*RECORDS SUPPLIED*.
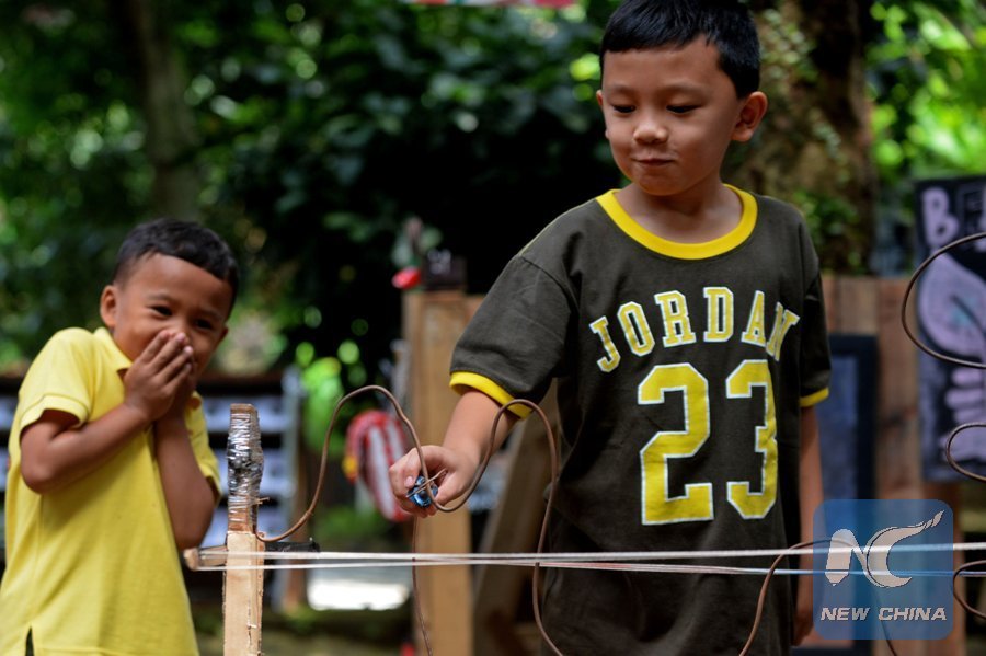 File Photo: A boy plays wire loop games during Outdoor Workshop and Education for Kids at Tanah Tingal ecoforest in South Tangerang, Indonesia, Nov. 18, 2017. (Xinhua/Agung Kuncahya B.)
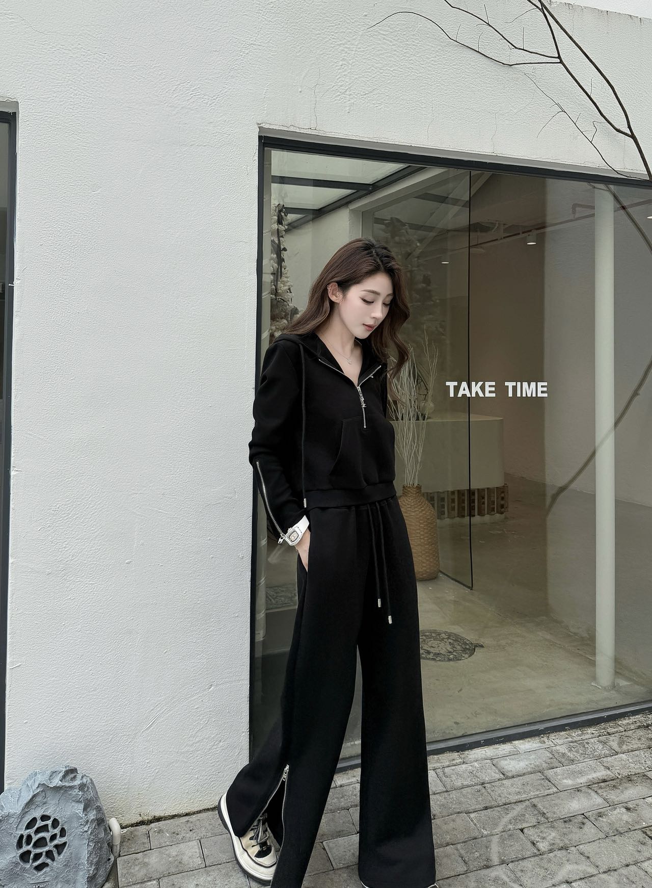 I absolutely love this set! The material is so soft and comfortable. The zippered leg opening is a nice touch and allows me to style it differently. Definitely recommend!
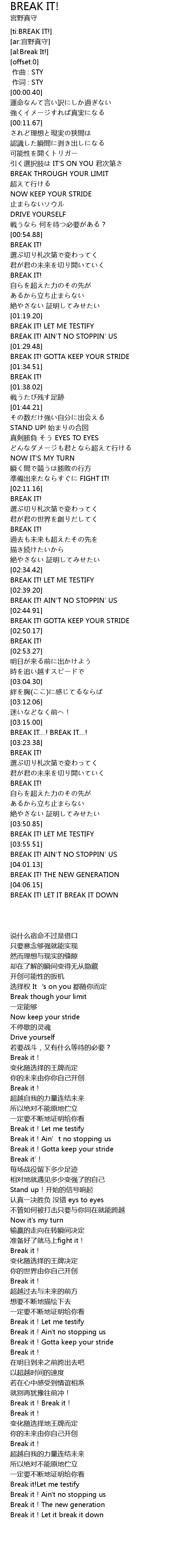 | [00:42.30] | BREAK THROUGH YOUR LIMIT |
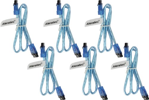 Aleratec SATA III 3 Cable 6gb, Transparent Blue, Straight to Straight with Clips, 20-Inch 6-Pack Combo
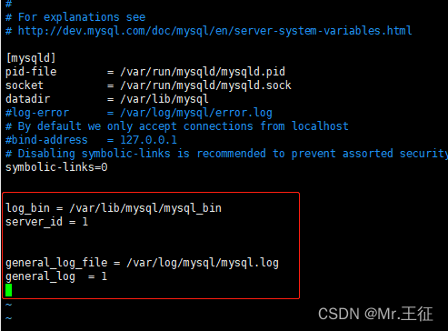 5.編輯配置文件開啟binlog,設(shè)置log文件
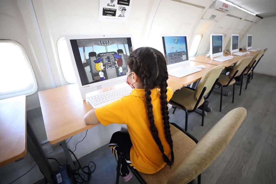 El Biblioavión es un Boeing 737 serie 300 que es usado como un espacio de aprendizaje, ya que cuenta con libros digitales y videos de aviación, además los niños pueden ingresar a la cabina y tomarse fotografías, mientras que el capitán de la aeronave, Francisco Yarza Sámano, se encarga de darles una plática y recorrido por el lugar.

*TO DO*. Word for word, reproduce each line from the one with "5.編輯配置文件開啟binlog,設(shè)置log文件" through the last line of the material above, both included, and drop the pictures.

*REPLY TO THE EXERCISE*.
 5.編輯配置文件開啟binlog,設(shè)置log文件
 El Biblioavión es un Boeing 737 serie 300 que es usado como un espacio de aprendizaje, ya que cuenta con libros digitales y videos de aviación, además los niños pueden ingresar a la cabina y tomarse fotografías, mientras que el capitán de la aeronave, Francisco Yarza Sámano, se encarga de darles una plática y recorrido por el lugar.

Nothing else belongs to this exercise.